- _What is being asked_
In the listing below, the lines starting at the line with "Lazy One Warm" and ending at the line with "Copyrighted. Rights are" are to be output verbatim. Images stay out of the copy.

- _Source data_
----

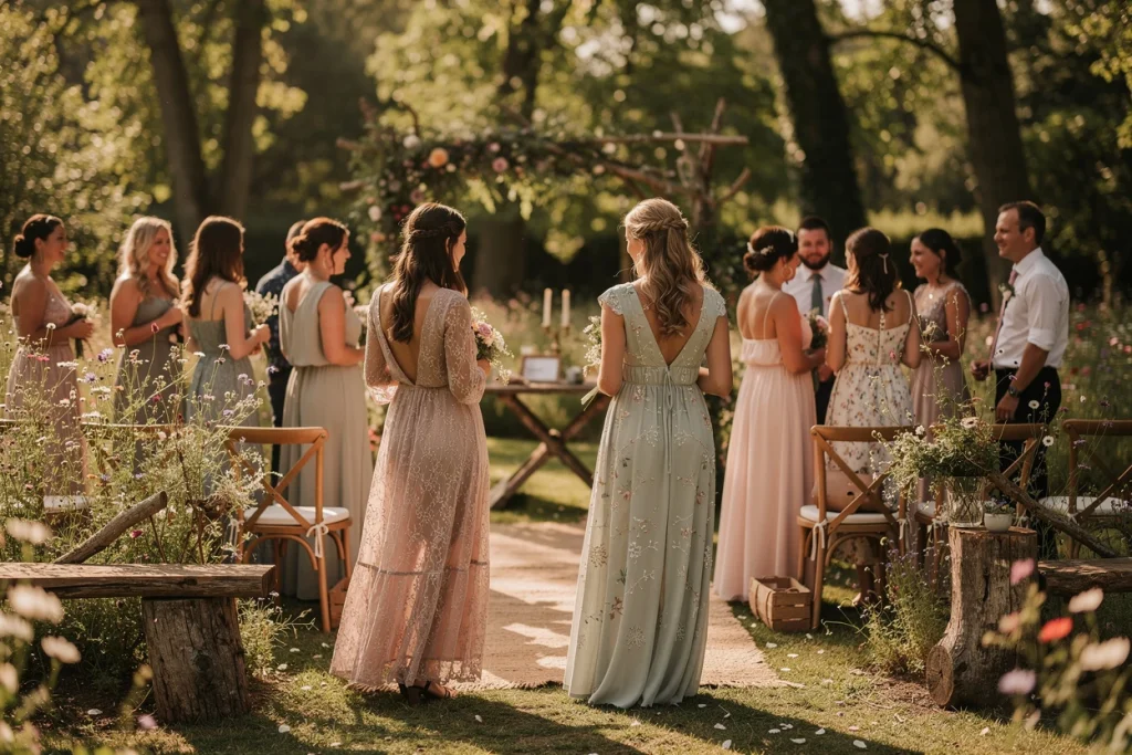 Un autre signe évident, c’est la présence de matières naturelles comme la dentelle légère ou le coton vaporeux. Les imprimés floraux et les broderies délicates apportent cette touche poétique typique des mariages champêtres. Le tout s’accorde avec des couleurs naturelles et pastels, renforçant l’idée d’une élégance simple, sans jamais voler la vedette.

----

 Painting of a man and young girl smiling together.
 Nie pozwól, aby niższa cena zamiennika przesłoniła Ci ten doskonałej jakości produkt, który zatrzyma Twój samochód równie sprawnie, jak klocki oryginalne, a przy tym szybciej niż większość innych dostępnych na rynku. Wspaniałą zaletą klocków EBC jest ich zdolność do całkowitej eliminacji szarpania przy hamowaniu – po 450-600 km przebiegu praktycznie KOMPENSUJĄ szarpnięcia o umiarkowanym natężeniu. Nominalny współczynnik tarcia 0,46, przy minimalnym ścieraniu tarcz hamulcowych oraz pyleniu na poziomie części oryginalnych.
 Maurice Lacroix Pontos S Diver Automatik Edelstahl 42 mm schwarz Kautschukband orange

----

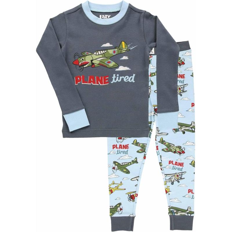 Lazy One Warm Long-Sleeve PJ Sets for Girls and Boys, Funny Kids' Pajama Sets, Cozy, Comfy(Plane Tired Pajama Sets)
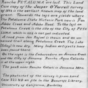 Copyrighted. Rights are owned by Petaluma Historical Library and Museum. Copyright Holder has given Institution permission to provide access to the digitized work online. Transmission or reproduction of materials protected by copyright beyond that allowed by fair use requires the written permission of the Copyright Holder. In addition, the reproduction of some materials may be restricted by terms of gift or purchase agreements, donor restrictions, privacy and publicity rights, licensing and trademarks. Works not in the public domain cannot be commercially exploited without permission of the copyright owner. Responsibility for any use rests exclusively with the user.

----

- _Solution_
 Lazy One Warm Long-Sleeve PJ Sets for Girls and Boys, Funny Kids' Pajama Sets, Cozy, Comfy(Plane Tired Pajama Sets)
 Copyrighted. Rights are owned by Petaluma Historical Library and Museum. Copyright Holder has given Institution permission to provide access to the digitized work online. Transmission or reproduction of materials protected by copyright beyond that allowed by fair use requires the written permission of the Copyright Holder. In addition, the reproduction of some materials may be restricted by terms of gift or purchase agreements, donor restrictions, privacy and publicity rights, licensing and trademarks. Works not in the public domain cannot be commercially exploited without permission of the copyright owner. Responsibility for any use rests exclusively with the user.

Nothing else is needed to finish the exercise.